(What you are asked to do) Reproduce, exactly and only, the lines of the data that follows from the one containing "此外,還可以一步到位設置照片K大小、照片背景顏色(智能換照片底色)" down to the one containing "CTH2 223-1BL32 |", without pictures.

(Available data)

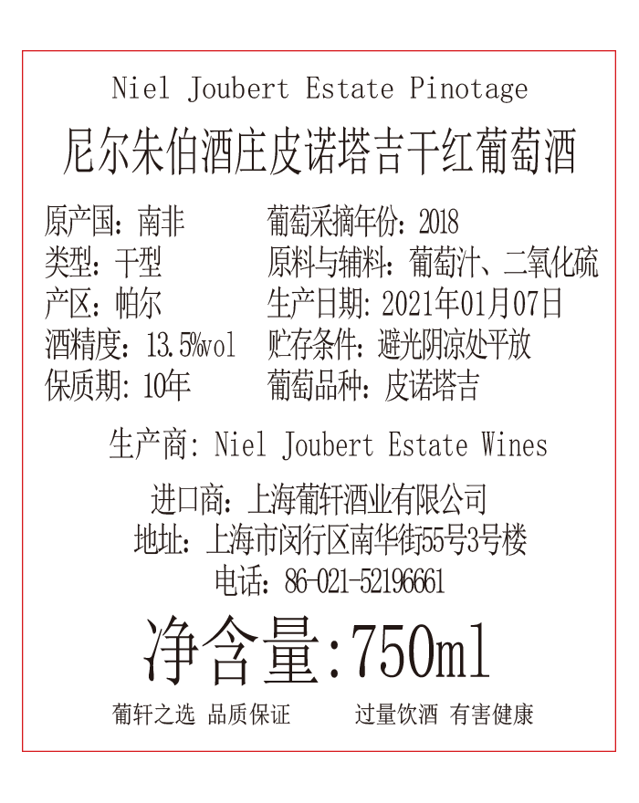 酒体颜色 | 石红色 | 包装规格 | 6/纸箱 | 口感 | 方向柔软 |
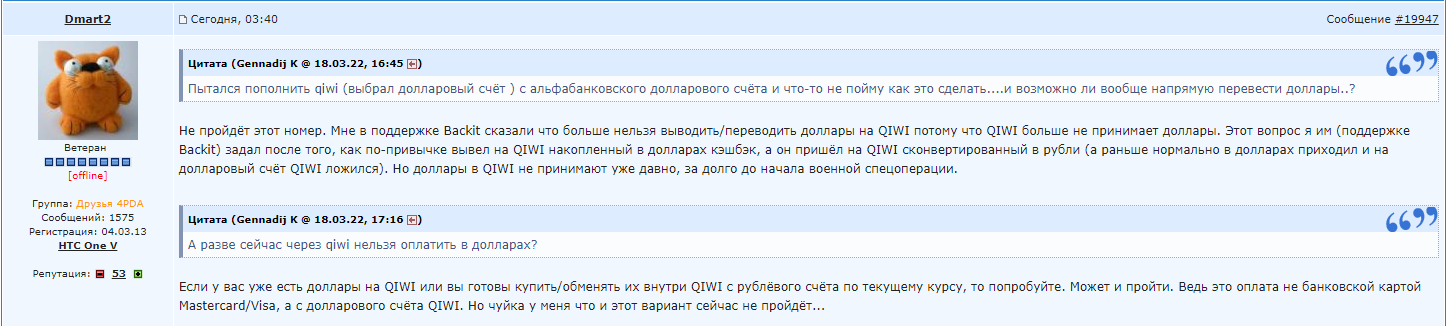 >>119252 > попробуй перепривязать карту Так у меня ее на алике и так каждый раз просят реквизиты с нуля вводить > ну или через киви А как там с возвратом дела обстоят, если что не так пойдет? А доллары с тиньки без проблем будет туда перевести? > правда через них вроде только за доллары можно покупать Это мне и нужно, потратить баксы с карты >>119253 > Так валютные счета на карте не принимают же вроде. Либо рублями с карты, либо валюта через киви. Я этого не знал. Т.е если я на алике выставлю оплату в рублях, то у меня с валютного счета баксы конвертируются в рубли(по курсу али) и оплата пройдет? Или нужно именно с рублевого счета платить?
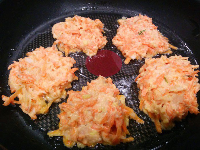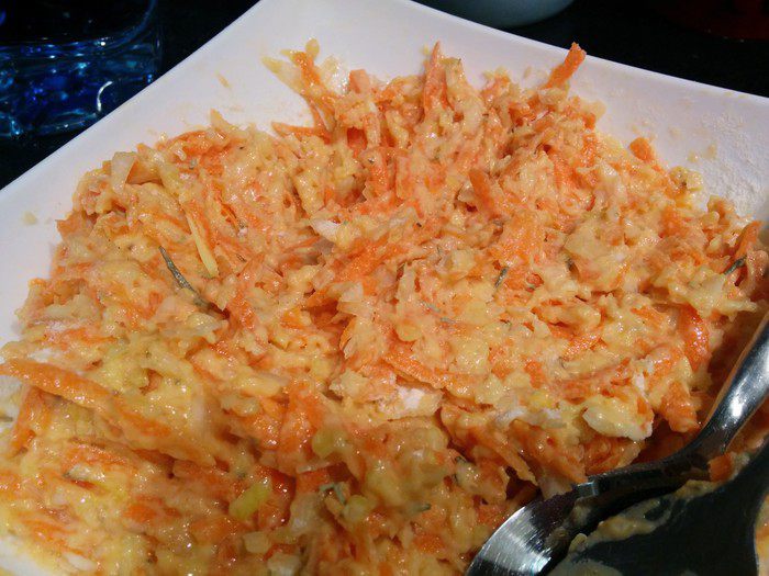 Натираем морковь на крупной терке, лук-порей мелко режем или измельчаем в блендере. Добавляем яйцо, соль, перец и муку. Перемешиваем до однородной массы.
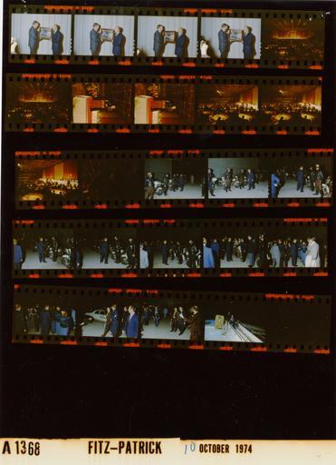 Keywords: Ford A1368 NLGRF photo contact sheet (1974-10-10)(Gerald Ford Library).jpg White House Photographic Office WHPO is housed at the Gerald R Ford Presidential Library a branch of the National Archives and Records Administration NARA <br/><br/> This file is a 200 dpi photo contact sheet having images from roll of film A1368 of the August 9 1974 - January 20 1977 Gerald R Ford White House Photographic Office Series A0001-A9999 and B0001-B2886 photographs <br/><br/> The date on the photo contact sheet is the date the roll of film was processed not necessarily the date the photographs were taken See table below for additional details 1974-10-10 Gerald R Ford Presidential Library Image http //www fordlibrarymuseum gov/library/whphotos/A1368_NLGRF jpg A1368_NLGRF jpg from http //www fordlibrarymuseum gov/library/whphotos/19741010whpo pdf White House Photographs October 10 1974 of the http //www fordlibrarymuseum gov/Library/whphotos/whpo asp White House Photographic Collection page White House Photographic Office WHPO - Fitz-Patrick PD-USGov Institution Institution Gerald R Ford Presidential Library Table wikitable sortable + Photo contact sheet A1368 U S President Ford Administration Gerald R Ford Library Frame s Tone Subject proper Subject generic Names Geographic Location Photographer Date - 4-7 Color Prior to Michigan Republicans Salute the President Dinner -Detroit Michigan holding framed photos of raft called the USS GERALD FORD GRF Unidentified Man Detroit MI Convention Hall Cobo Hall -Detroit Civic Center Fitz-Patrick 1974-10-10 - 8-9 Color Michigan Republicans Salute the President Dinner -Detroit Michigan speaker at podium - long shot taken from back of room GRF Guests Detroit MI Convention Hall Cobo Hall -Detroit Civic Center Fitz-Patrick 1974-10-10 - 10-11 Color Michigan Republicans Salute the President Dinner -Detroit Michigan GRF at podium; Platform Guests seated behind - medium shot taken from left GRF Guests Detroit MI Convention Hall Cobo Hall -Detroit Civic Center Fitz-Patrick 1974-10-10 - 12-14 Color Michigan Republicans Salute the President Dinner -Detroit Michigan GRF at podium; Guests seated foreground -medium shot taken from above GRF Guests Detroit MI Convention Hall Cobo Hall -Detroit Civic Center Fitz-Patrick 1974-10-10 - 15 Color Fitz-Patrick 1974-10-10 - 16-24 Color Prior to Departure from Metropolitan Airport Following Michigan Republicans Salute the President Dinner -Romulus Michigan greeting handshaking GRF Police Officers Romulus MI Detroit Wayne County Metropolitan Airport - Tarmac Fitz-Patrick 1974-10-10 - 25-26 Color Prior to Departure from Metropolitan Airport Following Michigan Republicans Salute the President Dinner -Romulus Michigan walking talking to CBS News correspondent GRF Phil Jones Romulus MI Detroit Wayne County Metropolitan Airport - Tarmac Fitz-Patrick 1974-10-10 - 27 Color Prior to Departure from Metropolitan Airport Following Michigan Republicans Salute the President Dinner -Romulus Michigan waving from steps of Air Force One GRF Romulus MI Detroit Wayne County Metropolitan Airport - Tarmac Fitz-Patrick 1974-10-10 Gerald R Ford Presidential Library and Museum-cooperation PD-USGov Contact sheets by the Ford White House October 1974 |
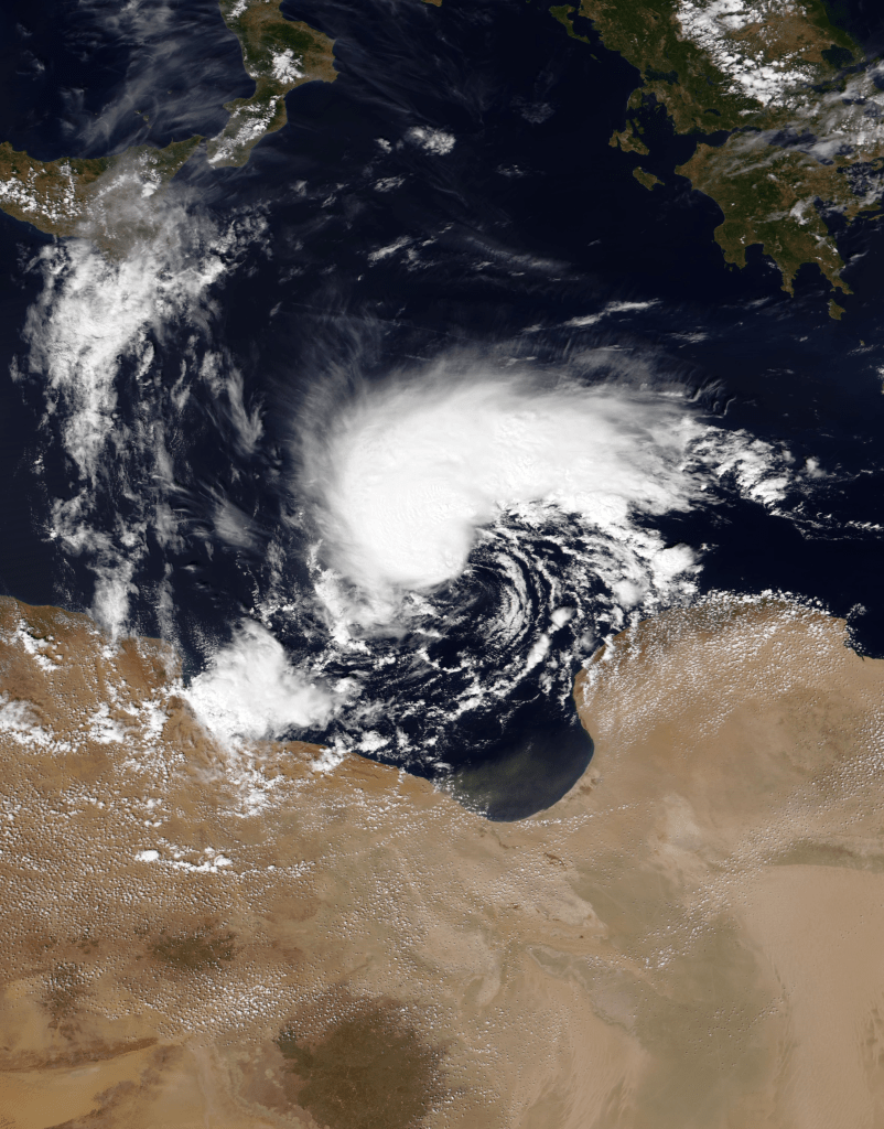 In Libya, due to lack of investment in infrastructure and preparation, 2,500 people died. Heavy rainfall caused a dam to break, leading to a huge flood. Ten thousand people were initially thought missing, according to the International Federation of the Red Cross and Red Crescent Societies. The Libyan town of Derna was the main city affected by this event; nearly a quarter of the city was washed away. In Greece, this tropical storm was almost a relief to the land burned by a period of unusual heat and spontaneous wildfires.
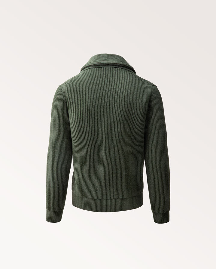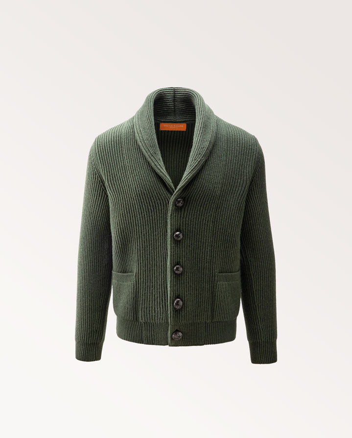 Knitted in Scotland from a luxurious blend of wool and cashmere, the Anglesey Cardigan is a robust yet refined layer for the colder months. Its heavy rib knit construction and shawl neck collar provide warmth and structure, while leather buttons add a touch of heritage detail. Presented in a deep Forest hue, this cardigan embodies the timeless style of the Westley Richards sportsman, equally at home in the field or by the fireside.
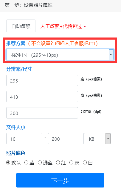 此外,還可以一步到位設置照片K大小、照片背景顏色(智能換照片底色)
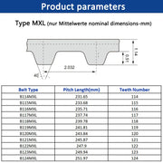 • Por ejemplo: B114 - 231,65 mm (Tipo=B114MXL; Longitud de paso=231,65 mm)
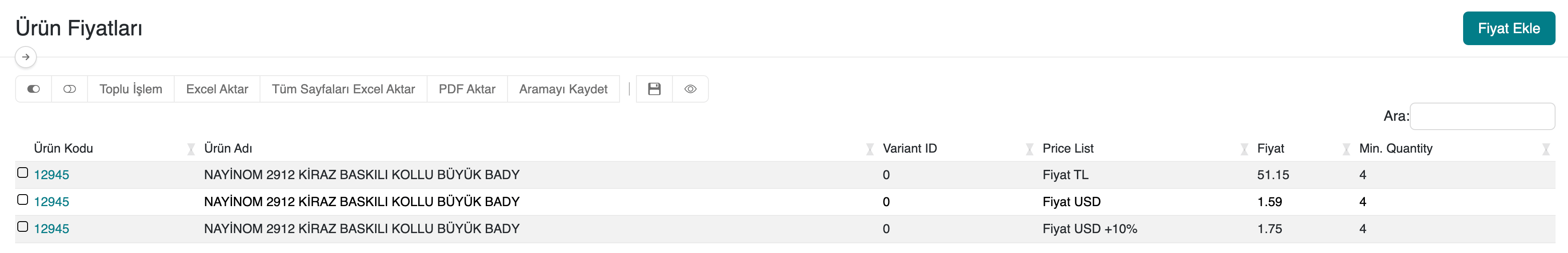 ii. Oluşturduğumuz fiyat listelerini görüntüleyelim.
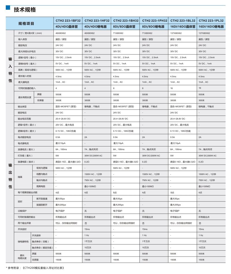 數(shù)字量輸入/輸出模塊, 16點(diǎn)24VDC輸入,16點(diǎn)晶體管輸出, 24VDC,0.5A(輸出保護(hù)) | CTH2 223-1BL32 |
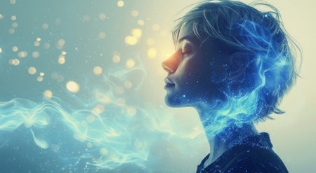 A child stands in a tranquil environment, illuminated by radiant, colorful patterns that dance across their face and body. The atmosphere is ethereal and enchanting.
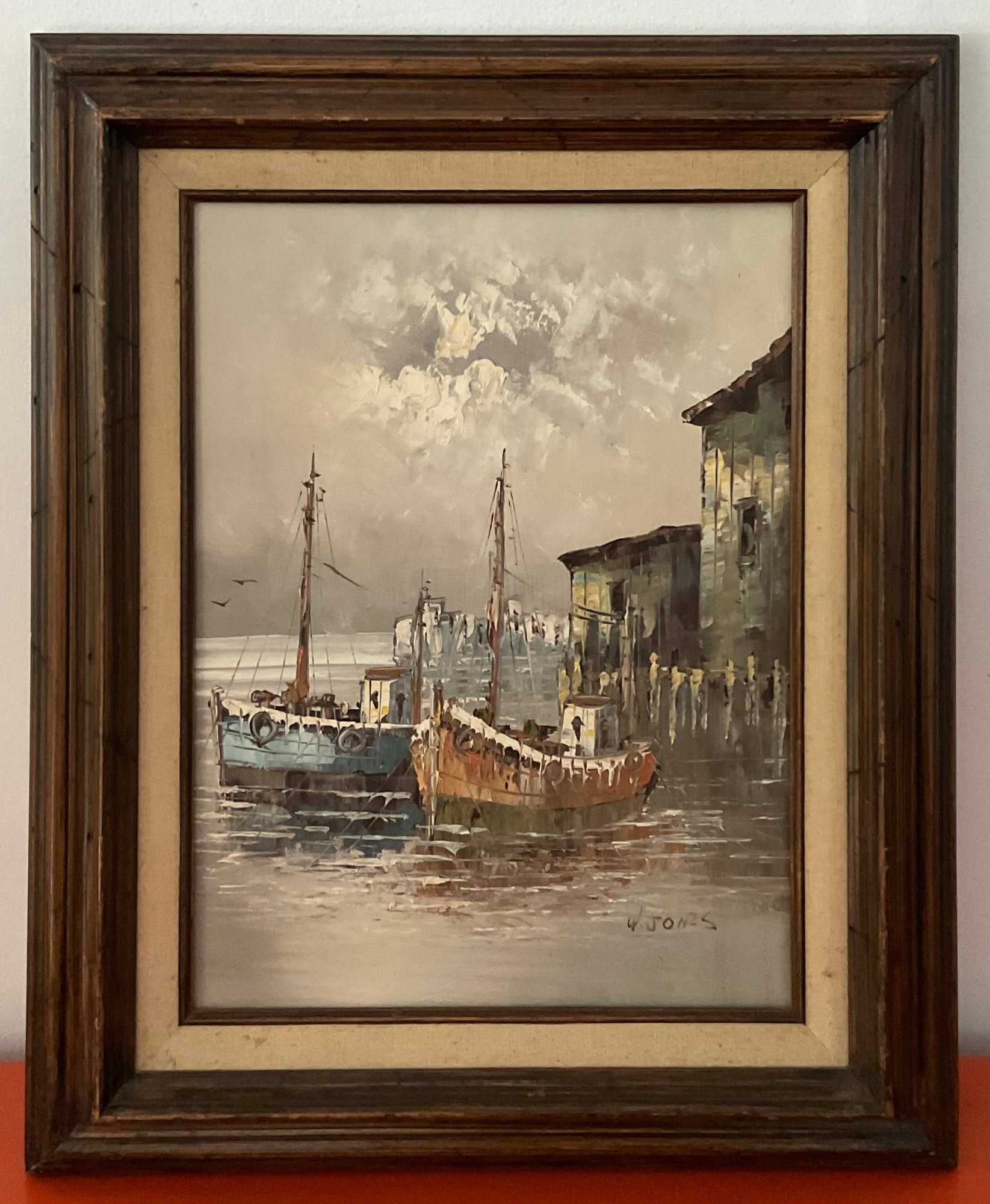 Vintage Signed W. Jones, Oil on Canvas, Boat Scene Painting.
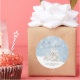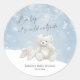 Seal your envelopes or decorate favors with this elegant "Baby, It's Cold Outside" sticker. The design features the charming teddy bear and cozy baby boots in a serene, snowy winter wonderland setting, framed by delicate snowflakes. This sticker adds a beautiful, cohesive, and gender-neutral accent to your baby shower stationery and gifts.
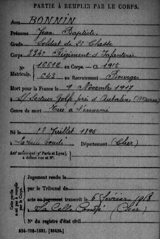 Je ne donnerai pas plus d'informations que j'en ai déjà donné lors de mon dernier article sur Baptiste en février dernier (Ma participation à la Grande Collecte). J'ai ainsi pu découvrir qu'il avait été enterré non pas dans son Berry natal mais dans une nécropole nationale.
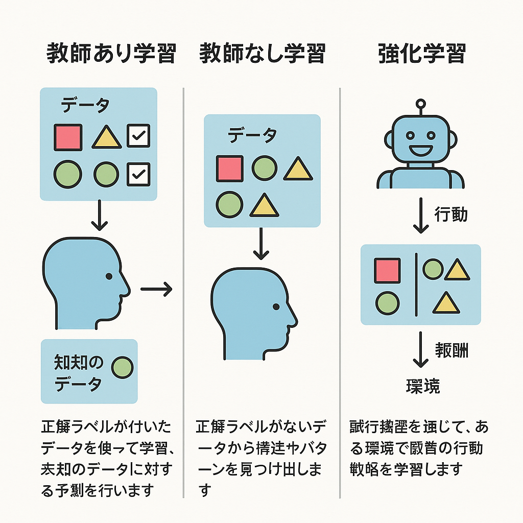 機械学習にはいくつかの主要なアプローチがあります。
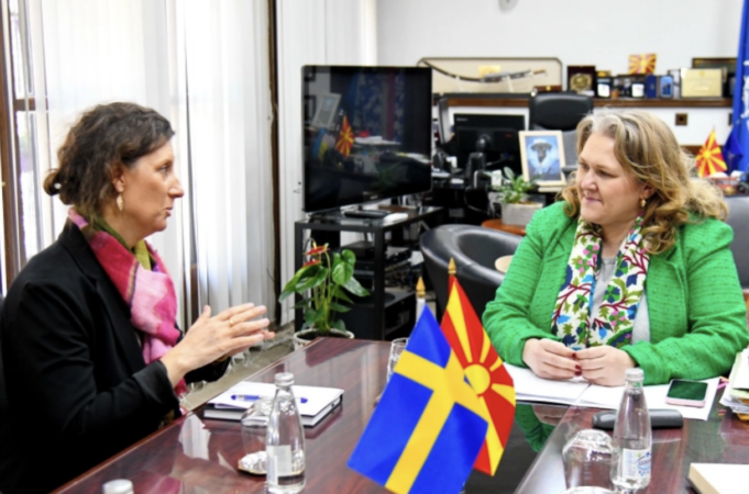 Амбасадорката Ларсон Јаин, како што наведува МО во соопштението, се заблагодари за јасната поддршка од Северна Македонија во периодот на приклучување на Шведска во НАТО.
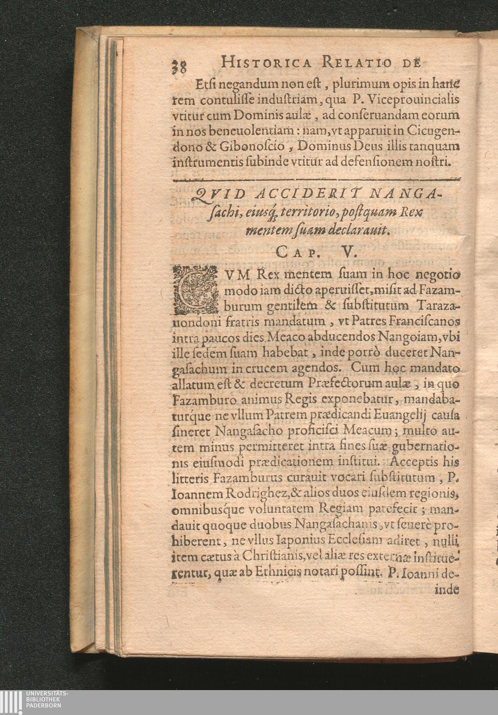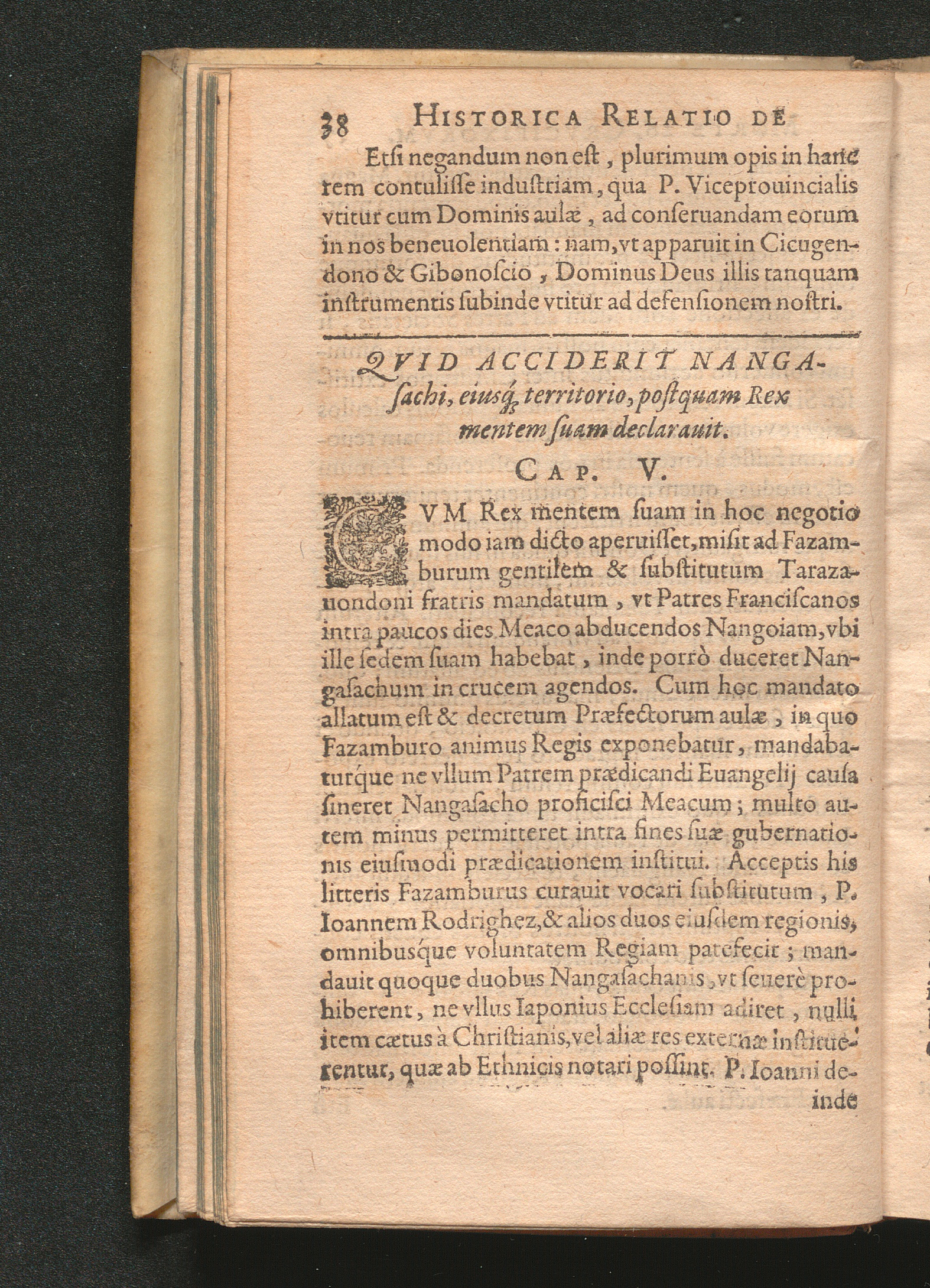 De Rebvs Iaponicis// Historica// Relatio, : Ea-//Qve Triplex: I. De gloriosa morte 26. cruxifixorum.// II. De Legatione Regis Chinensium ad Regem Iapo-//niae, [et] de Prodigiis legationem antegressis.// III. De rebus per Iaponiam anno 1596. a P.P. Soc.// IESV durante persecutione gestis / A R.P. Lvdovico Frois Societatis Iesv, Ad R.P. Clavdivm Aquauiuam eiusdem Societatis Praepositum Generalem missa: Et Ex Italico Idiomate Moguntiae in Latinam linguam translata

(Solution for this exercise)
 此外,還可以一步到位設置照片K大小、照片背景顏色(智能換照片底色)
 • Por ejemplo: B114 - 231,65 mm (Tipo=B114MXL; Longitud de paso=231,65 mm)
 ii. Oluşturduğumuz fiyat listelerini görüntüleyelim.
 數(shù)字量輸入/輸出模塊, 16點(diǎn)24VDC輸入,16點(diǎn)晶體管輸出, 24VDC,0.5A(輸出保護(hù)) | CTH2 223-1BL32 |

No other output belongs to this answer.